In a departure from his predecessors, Environmental Protection Administration (EPA) Minister Lee Ying-yuan (李應元) has expressed firm opposition to importing scrap metal, potentially bringing an end to debate over lifting a ban on imported waste and scrap metal from electronic devices.
“Taiwan has moved past the time when we had to make a living on processing imported e-waste and scrap metals,” Lee said at an impromptu meeting with reporters on Monday. “The scrap metal recycling industry did more harm than good.”
Lee said that he recently visited Tainan’s Erjen River (二仁溪), beside which one of the world’s largest e-waste and scrap-metal recycling centers operates, and some dismantled ship parts and electronic scraps are still buried there from the 1970s.

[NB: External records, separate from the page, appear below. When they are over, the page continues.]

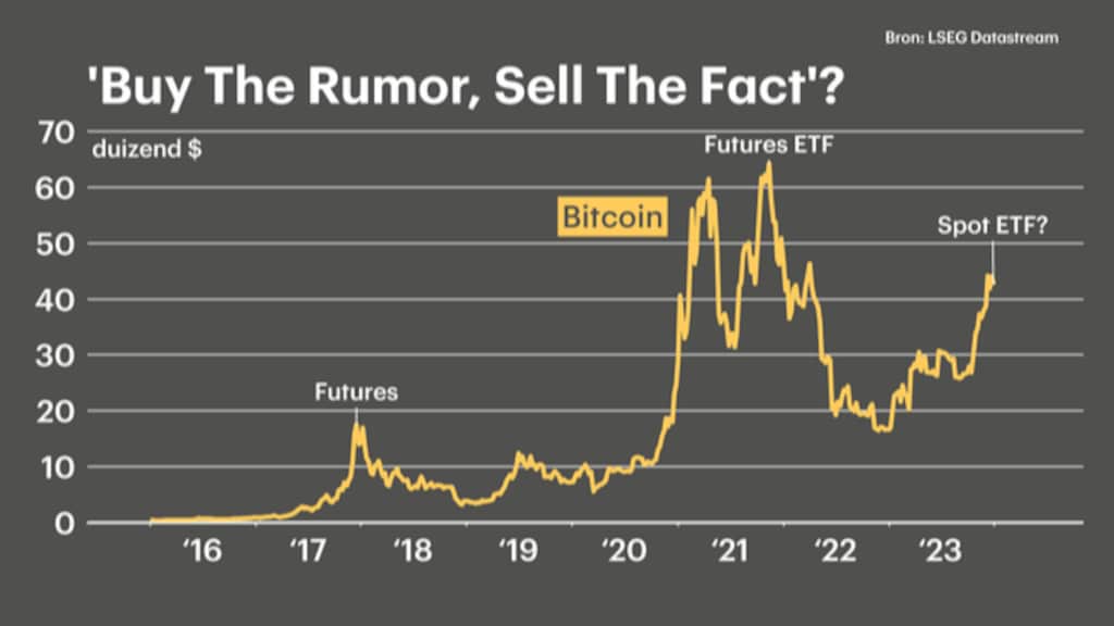 Zelfs als die toelating er komt, dan nog is het de vraag wat dat zal betekenen voor de koers, zegt hij. In het verleden waren zulke momenten vaak reden voor uitverkoop, blijkt uit onderstaande grafiek.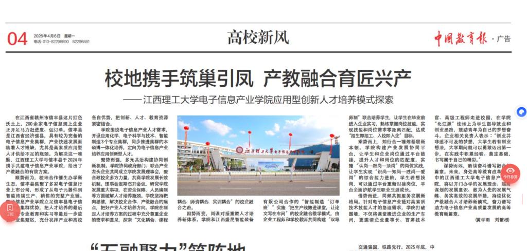 在江西省赣州市信丰县这片红色沃土上,200余家电子信息规上企业正开足马力赶进度、促订单。信丰县是江西省经济强县,具有较为完备的电子信息产业集群,产业快速发展面临着人才短缺,尤其是高素质应用型人才供给不足的瓶颈。为解决这一难题,金年会体育与信丰县于2024年携手共建电子信息产业学院,给出了产教融合的有效方案。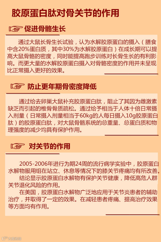 近年来,胶原蛋白肽的研究已引起人们广泛重视,如抗氧化性,抗菌活性,降脂效应,免疫调节活性和对皮肤、骨骼和关节的有益作用,其独特的生理功能和物化特性成为国内外研究的热点。目前胶原蛋白肽已经被广泛应用于制药业及保健食品业,作为改善皮肤和软骨组织的食品补充剂。 |

Some estimates say that the recycling industry at the site has generated about NT$1.95 billion (US$59.6 million at current exchange rates) in revenue, but pollution remediation has cost the government about NT$2 billion, and it is obvious that such an industry is not worth developing, the minister said.
Lee’s position might signal an end to controversy surrounding reports that a ban on the import of scrap metals would be lifted, with the move linked to an “urban mining” initiative that former EPA ministers Stephen Shen (沈世宏) and Wei Kuo-yen (魏國彥) had promoted.
The initiative was aimed at promoting recycling of a variety of industrial waste, construction debris, disused electronics and other materials, which, coupled with an EPA proposal three years ago to remove 12 kinds of waste from electronic devices and scrap metal from a list of hazardous industrial waste, prompted speculation that the agency was mulling the possibility of lifting the import ban to boost the recycling industry.
The EPA will continue the effort to create a “zero waste” environment and a “cradle-to-cradle” resource lifecycle so that all products are reused, which requires technology development, new legal provisions and improved law enforcement, Lee said.
“Reinforcing bars from a demolished building can be recycled and reused, one company’s waste can be used in another firm’s manufacturing process and residue can be converted into paving materials,” he said.